Stella Fetherston, Co-Editor-in-Chief

April is Sexual Assault Awareness Month or SAAM. The goal is to bring awareness to what sexual assualt and sexual harrassment are, to identify how to best support survivors and to build a safer community. 

Let’s lay some groundwork. Sexual assault is nonconsensual sexual activity, including attempted rape, rape, fondling or unwanted sexual touching, threatening sexual coercion and non-threatening sexual coercion. 

The causes of sexual assault include the following: perpetrators. 

While it is the responsibility of the community to aid in supporting survivors and preventing assault, it is never a survivor’s fault.

Sexual harrassment includes unwanted sexual advances, verbal harrassment of a sexual nature, unwanted physical contact and requested sexual favors. It can be a traumatizing experience, but like sexual assault, different people are affected in different ways. Often, people mistakenly say that if you are being sexually harrassed that you should clearly tell the perpetrator to stop and then report what happened to an authority. But in the moment, a person might not say or do anything. That does not mean the harassment is excused. 

Survivors handle their abuse differently, and the best thing to do is to listen. While it’s important not to catastrophize, their emotions should be validated. Feelings of anger and sadness should not be repressed or ignored. Encourage a safe space to discuss their experience without pressuring them to share what happened. It is up to the survivor to decide what they do next, and if anything, the pressure to share or the pressure to act will just be isolating. People process sexual assault differently, and while providing resources is good, at the end of the day it’s the choice of the survivor what steps they’ll take next. 

If someone opens up to you about their experience, don’t question whether or not they’re telling the truth, and don’t try to explain away the perpetrator’s actions. Finally, be respectful and cognizant of what a survivor does or does not want to talk about. 

Here are some important reminders about subjects related to sexual assault. 

  1. Just because someone consents to one activity, it does not mean they automatically consent to another. 
  2. While a person can change their mind after saying no, sexual coercion – when someone is pressured, tricked or threatened into a sexual activity – is still sexual assault. Consent is freely given, clear, understood and can be revoked. 
  3. Sexual assault can happen in relationships. 

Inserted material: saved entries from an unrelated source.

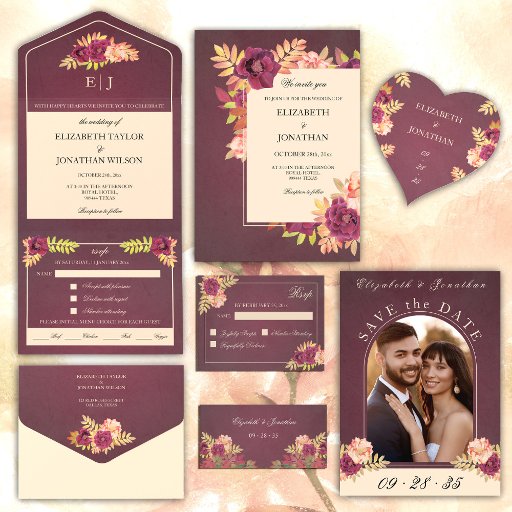 Romantic Burgundy Autumn Fall WeddingDiseñado por Justyna Pachla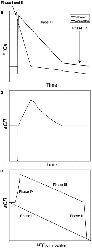 Conceptual temporal variation in 137Cs concentration in seawater (thin lines) and in zooplankton (bold lines) (a), aCR for zooplankton (b), and a scatter plot between 137Cs concentrations in seawater and aCR for zooplankton (c). The temporal variation of 137Cs is defined as the time-course phase from I to IV (Modified from Kaeriyama et al. 2014)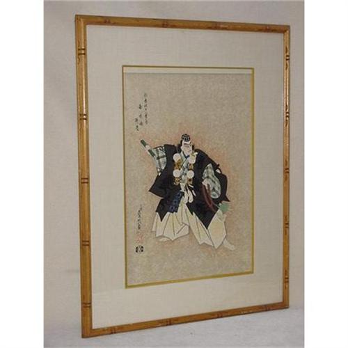 A Japanese wood block print, 22 3/4" X 17", of a nobleman in traditional dress holding a scroll in his right hand as he would hold a sword. The print is in good condition, it is framed in a bamboo style frame with silk mat. Print should be realigned in the frame. Chop marks on print indicate maker.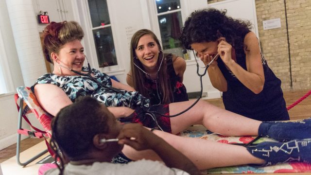 One of the highlights of the 13th edition of the OFFTA Festival is Montreal performance and video artist Dayna McLeod‘s sensational Intimate Karaoke, Live at Uterine Concert Hall performative installation in which guests sing their favourite karaoke songs through the site of McLeod’s body: Wearing headphones that contain your voice and requested karaoke song, this mix is wired into her vaginal canal, which acts as a uterine stage for the audience. Check out McLeod’s performative installation at the Monument-National on May 25 and 26.
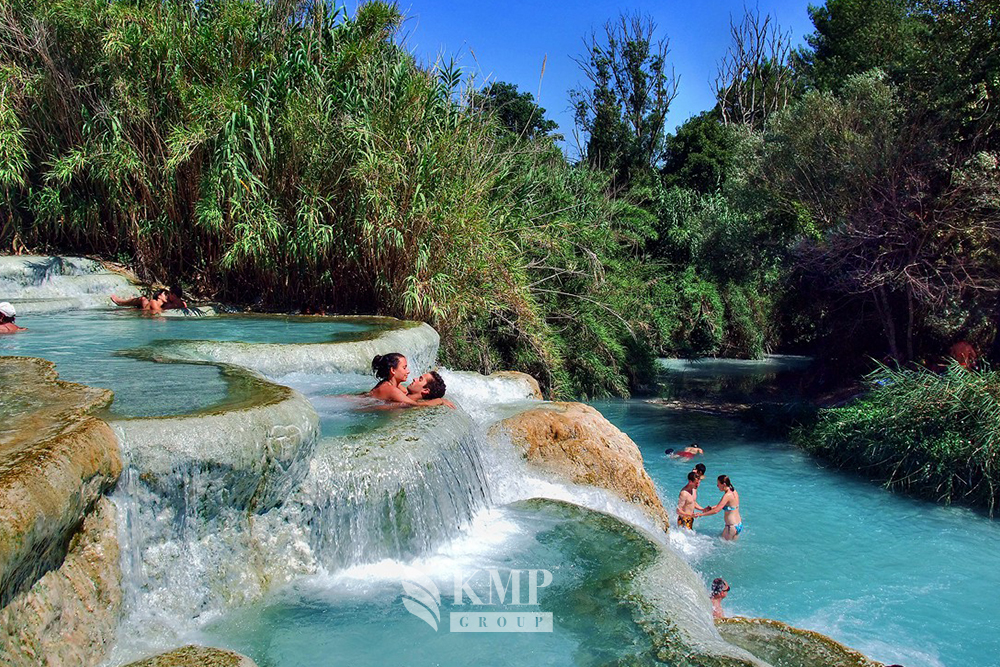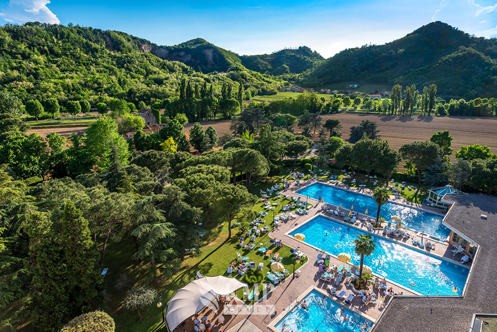 Термальная вода Эуганского бассейна берёт своё начало в районе Малых Доломитов и Лессинских гор. Дождевая вода, проникая в горные породы вулканического происхождения, достигает глубины 2000 - 3000 метров. Оттуда она проделывает путь длиной в приблизительно 80 км за 25 - 30 лет, обогащаясь минеральными солями, достигая зоны Эуганских Холмов. Здесь она выходит на поверхность при температуре, колеблющейся от 83°C до 87°C, образуя небольшие озёра. Неоднократные химические анализы воды подтвердили постоянство её состава, классифицировав как минеральную соле-бромо-иодистую воду, с характерным присутствием натрия, брома и йода. Термальная вода находит своё преобладающее применение в термальных бассейнах и терапевтической реабилитации. Термальная грязь подвергается "созреванию", консервации и регенерации.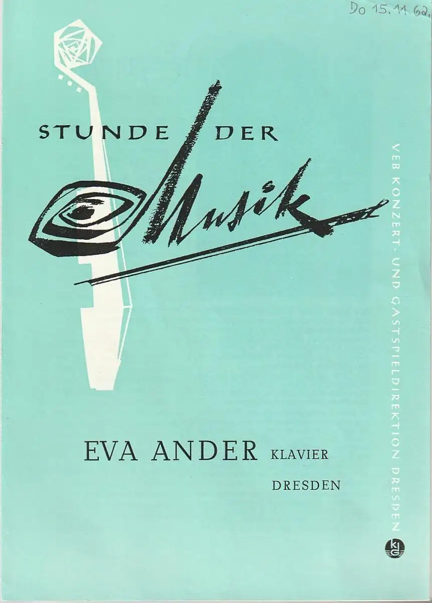 VEB Konzert- und Gastspieldirektion Dresden: Programmheft STUNDE DER MUSIK EVA ANDER KLAVIER 15. November 1962.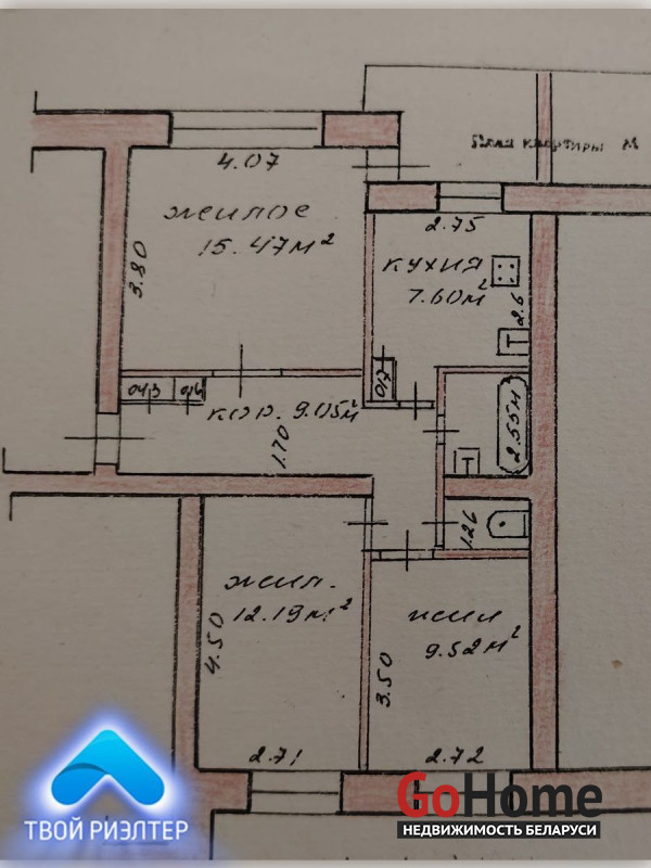- жилые комнаты площадью: 15,2; 12,2; 9,5 кв.м., имеется лоджия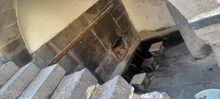 Taş merdivenler kaymış, çökmek üzere, tuvaletler bakımsız pis ve kötü durumda.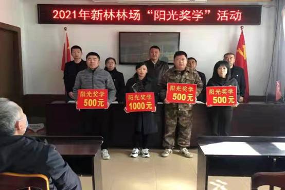 圖為新林林場(chǎng)班子成員為職工發(fā)放陽(yáng)光獎(jiǎng)學(xué)金(楊光 攝)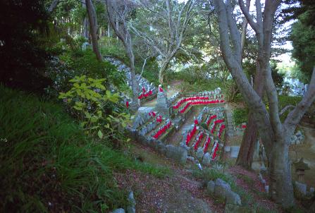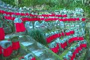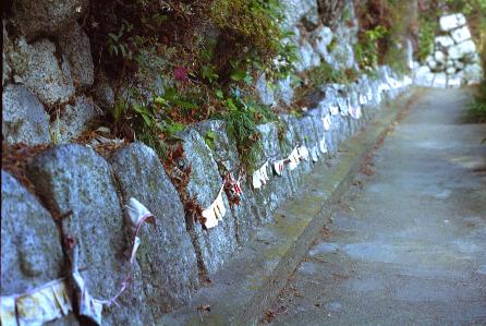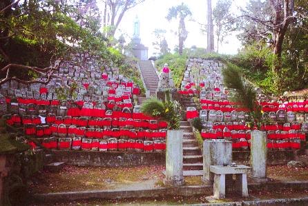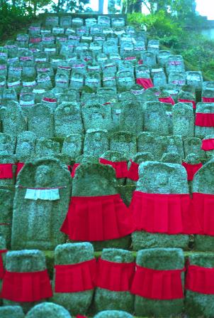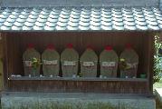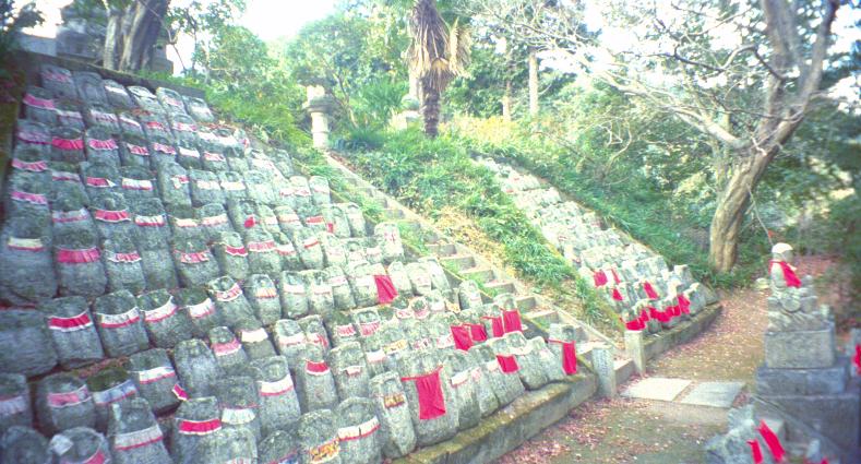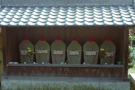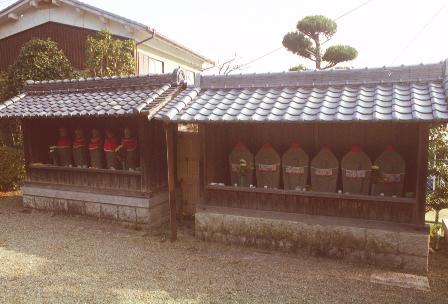南北朝時代、城主なら原氏が楠木正成公とともに南朝に味方し、北朝と戦ったとき家族や地元の人々が身代りに奉納したと伝えられ、そのため身代り石仏とも呼ばれています。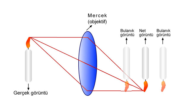 Şimdi de mercekler yardımıyla netlik ayarı nasıl yapılır, gelin birlikte inceleyelim. Eğer film merceklerin odak uzaklığındaysa, görüntümüz net olacaktır. Film odak uzaklığının önünde veya arkasında ise, bulanık olacaktır. Bunu aşağıdaki şekilden daha iyi anlayabiliriz.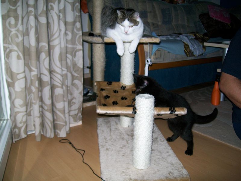 Am ersten Tag hatte mein Kumpel noch ein paar kleine Probleme mit mir,aber die hatten sich dann auch schnell gelegt :) . Mittlerweile teilen wir den Kratzbaum,die Fressnäpfe und er putzt mich auch schon minutenlang.Normalerweise würde eine Katzentoilette für uns reichen,aber die zweite wird auch fleissig benutzt.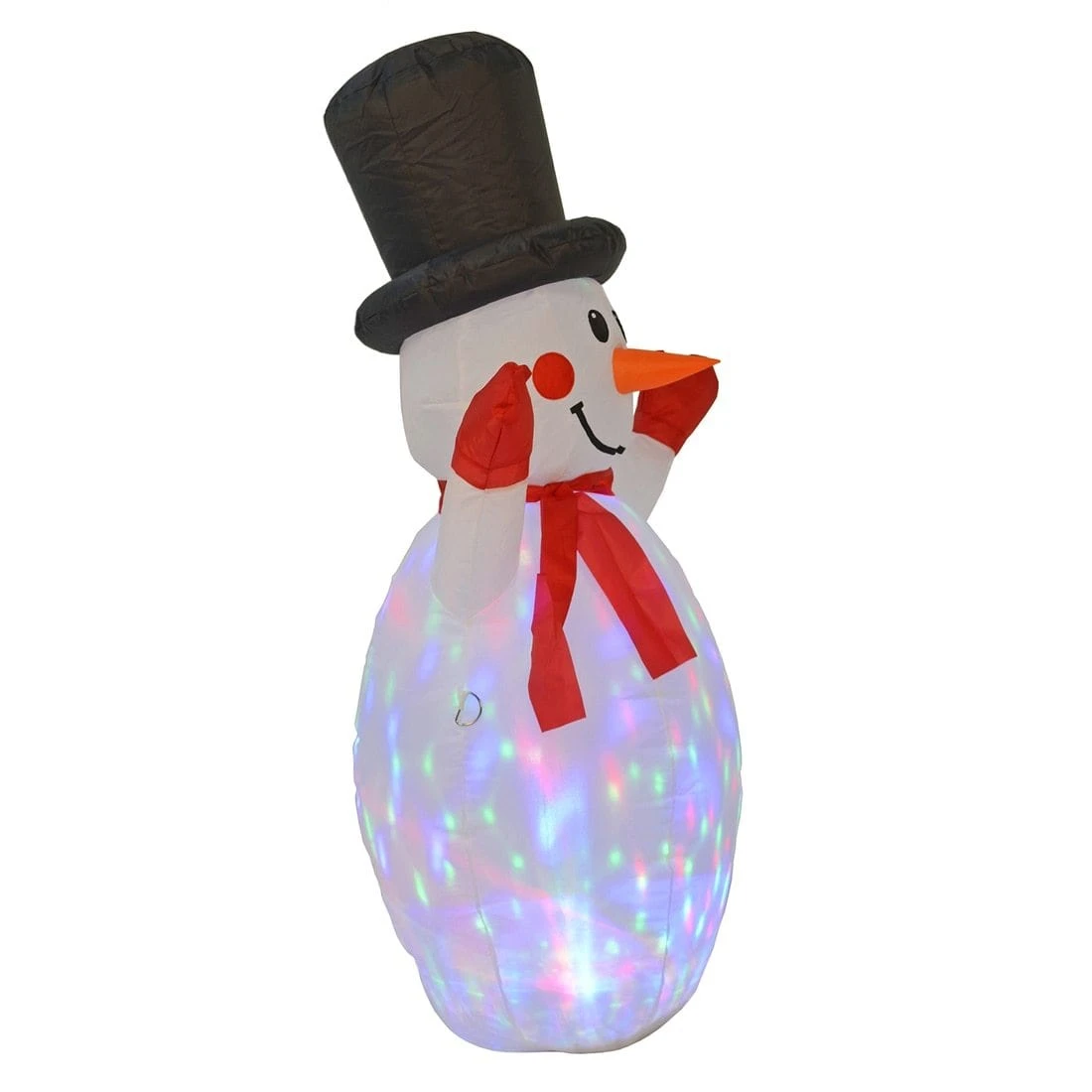 Decorate your garden this Christmas with this jolly 4ft inflatable snowman from Mr Crimbo! The snowman is styled with a red scarf, black top hat and red gloves, and will light up any outdoor space over Christmas with flashing disco lights. The snowman inflatable has a non-replaceable LED light in the head to give a soft glow and illuminate your display. A brilliant festive decoration for gardens and commercial spaces.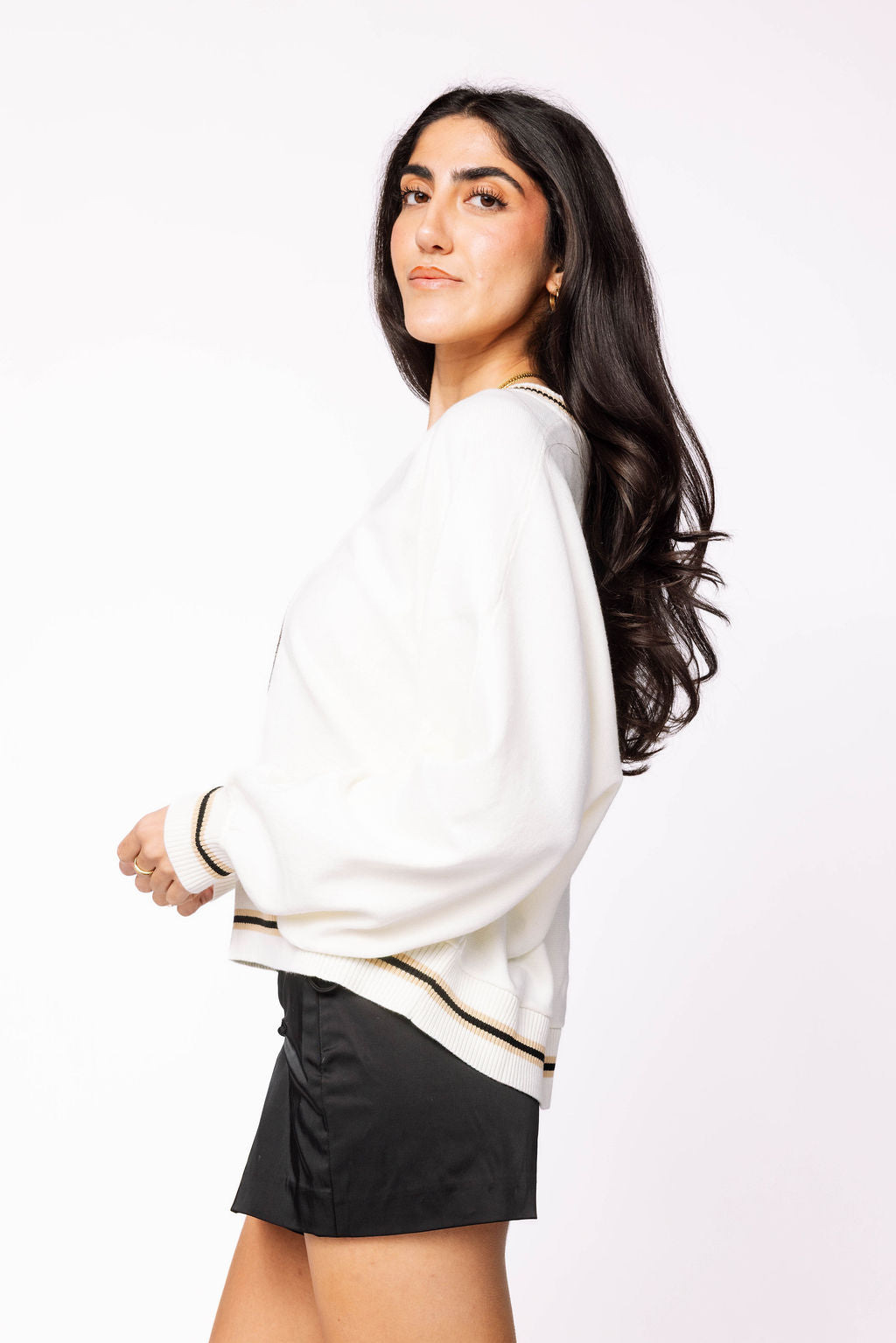 Stay cozy and show off your Army pride with this playful V-neck sweater. Featuring stylish striped cuffs and a small. charming mascot detail. it's perfect for casual days or cheering from the sidelines. Soft and lightweight. this long-sleeve sweater combines comfort with spirited style effortlessly.

A good resource for sexual assault information and hotlines is the Rape, Abuse, and Incest National Network, or RAINN. Many websites, like the U.S. Office on Women’s Health, offer definitions of different types of sexual assault to help identify abuse. Another website, choosingtherapy.com, discusses what to do if sexual assault occurs and how to get help. 

An important preventative measure for sexual assault and harrassment is the empowerment of women, who are disproportionately affected. Not only should survivors be encouraged to speak up about their experiences and their boundaries, but the entire community should support condemnation of these offenses. 

If you’re curious about how to help your community, take care of your friends. That doesn’t just mean guarding drinks and keeping an eye out for unsafe people. Look up “examples of perpetrating rape culture,” and educate yourself on how to combat it, too.